:: WHAT YOU HAVE TO DO ::
Everything in the listing below has to be repeated exactly, except the pictures.

:: DATA SEGMENT ::

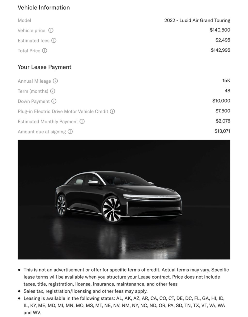 Fast-forward to the present, and Lucid Insider Blog reportedly spotted leaked screenshots from the new Lucid Financial Services leasing calculator, which reveal how much it will cost some shoppers to lease the pricey Lucid Air Grand Touring model.
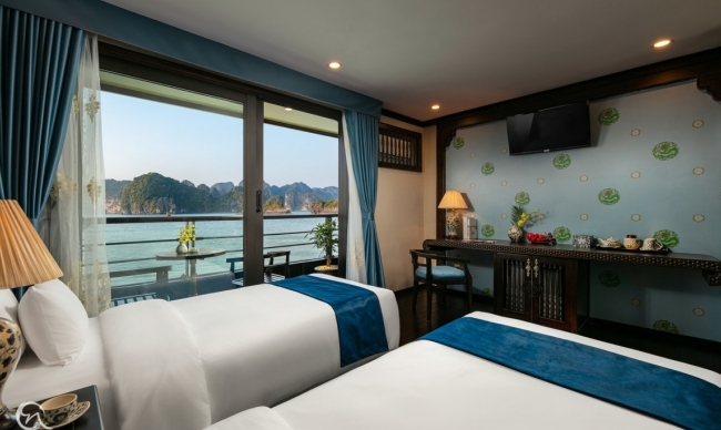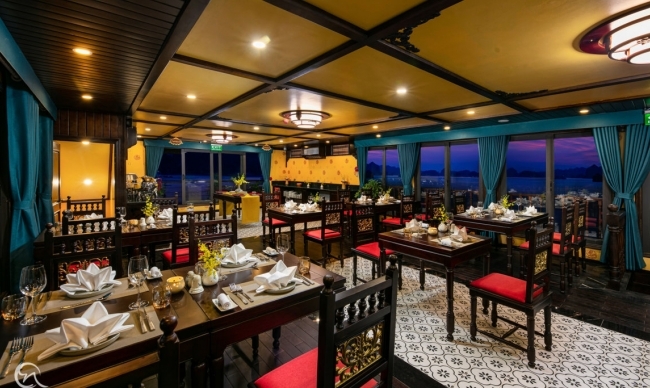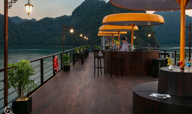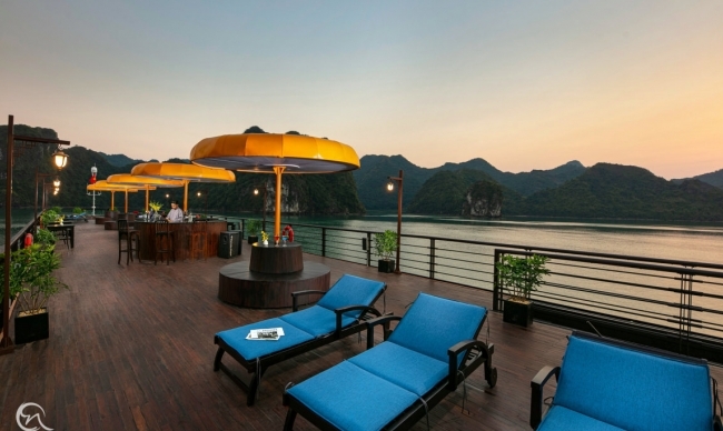 Located on the top floor, Sundeck is the best place to chill out and enjoy while the boat sails through thousands of limestone karst. You will also join the sunset party and the soothing Taichi session in the early morning here. On the lower deck, you are invited to relax in the cool water of an outdoor swimming pool and feast your eyes with magnificent ocean views.
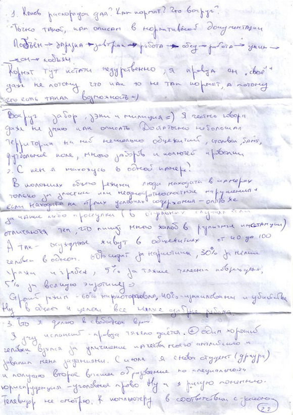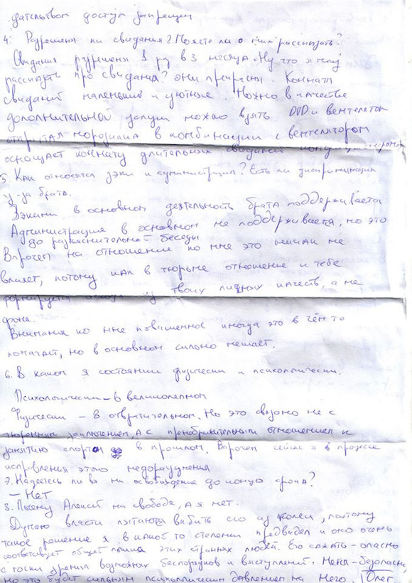 在7月份入狱前,奥列格回答了 Mashable有关他的牢狱生活的问题。监狱要求他的回答都要经过审查,篇幅控制在一张正反面手写的纸以内。他的回答由Mashable翻译并校订。

:: RESULT ::
 Fast-forward to the present, and Lucid Insider Blog reportedly spotted leaked screenshots from the new Lucid Financial Services leasing calculator, which reveal how much it will cost some shoppers to lease the pricey Lucid Air Grand Touring model.
 Located on the top floor, Sundeck is the best place to chill out and enjoy while the boat sails through thousands of limestone karst. You will also join the sunset party and the soothing Taichi session in the early morning here. On the lower deck, you are invited to relax in the cool water of an outdoor swimming pool and feast your eyes with magnificent ocean views.
 在7月份入狱前,奥列格回答了 Mashable有关他的牢狱生活的问题。监狱要求他的回答都要经过审查,篇幅控制在一张正反面手写的纸以内。他的回答由Mashable翻译并校订。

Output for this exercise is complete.